The remaining of the paper is formulated as follows. In Section 2, the foundations of CGA will be presented. In Section 3, the derivation of two formulas between 2-blade and 1-blade under the CGA framework is elaborated. In Section 4, the geometric modeling and calculation process of the 6-3 Stewart platforms will be revealed. In Section 5, two numerical examples of 6-3 Stewart platforms will be given. Finally, the conclusions will be built in Section 6.

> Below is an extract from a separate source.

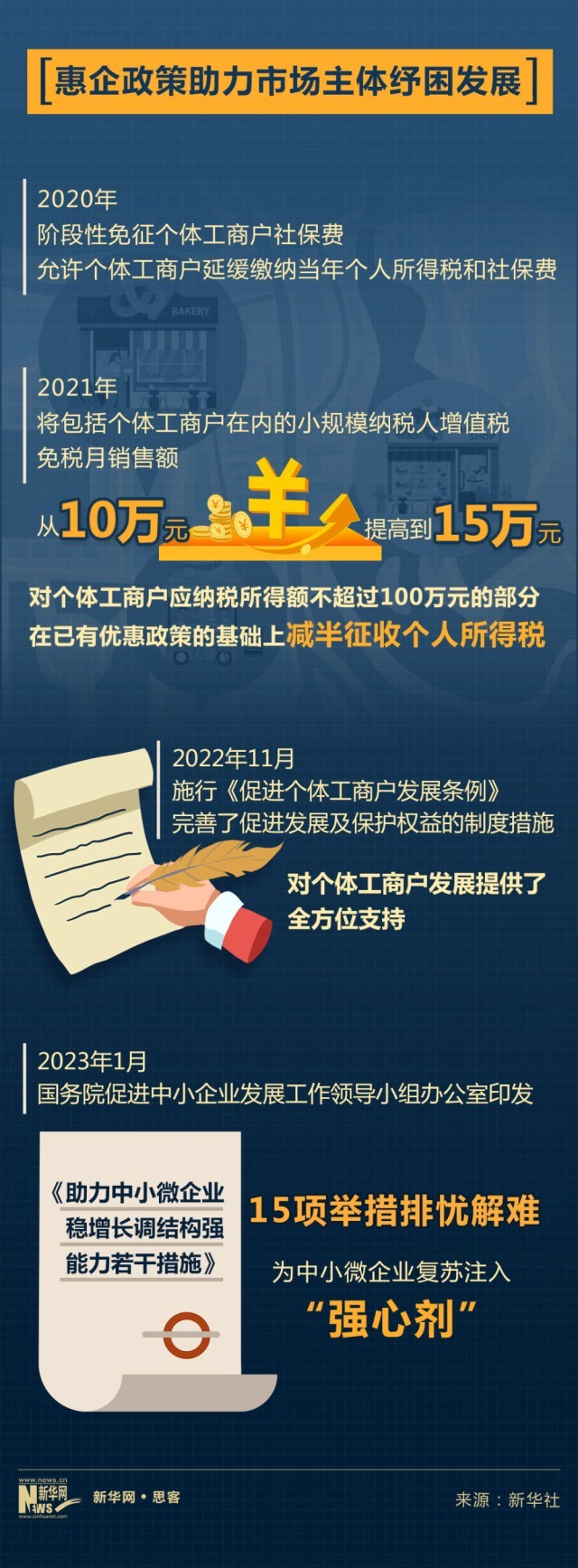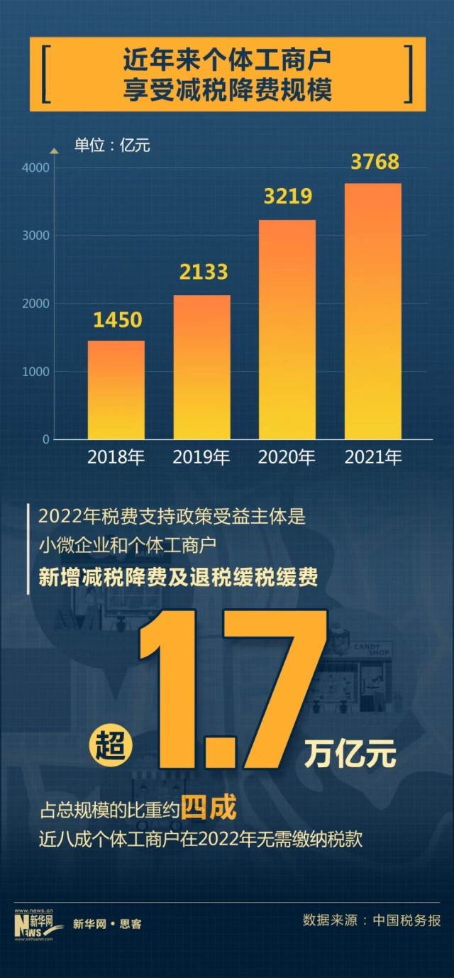 2021年,我國(guó)將包括個(gè)體工商戶在內(nèi)的小規(guī)模納稅人增值稅免稅月銷(xiāo)售額從10萬(wàn)元提高到15萬(wàn)元,對(duì)個(gè)體工商戶應(yīng)納稅所得額不超過(guò)100萬(wàn)元的部分,在已有優(yōu)惠政策的基礎(chǔ)上減半征收個(gè)人所得稅。

2. Conformal Geometric Algebra

2.1. Foundations of CGA

The 5-dimension (5D) CGA ${\mathrm{G}}^{4,1}$ consists of 3D Euclidean space ${\mathrm{G}}^3$ and a 2D Minkowski vector space ${\mathrm{G}}^{1,1}$. CGA has five orthonormal basis vectors introduced by $\left\{{\mathit{e}}_1,{\mathit{e}}_2,{\mathit{e}}_3,{\mathit{e}}_{+},{\mathit{e}}_{-}\right\}$ with the following properties:

$$\left\{\begin{array}{l}{e_1}^2={e_2}^2={e_3}^2={e_{+}}^2=-{e_{-}}^2=1\\ e_i·e_j=0\left(i\ne j;i,j=1,2,3,+,-\right)\\ e_i\wedge e_j=-e_j\wedge e_i\left(i,j=1,2,3,+,-\right)\end{array}\right.$$

(1)

where $\left\{e_1,e_2,e_3\right\}$ are three orthonormal basis vectors in the Euclidean space and $\left\{e_{+},e_{-}\right\}$ are two orthogonal basis vectors in the Minkowski space.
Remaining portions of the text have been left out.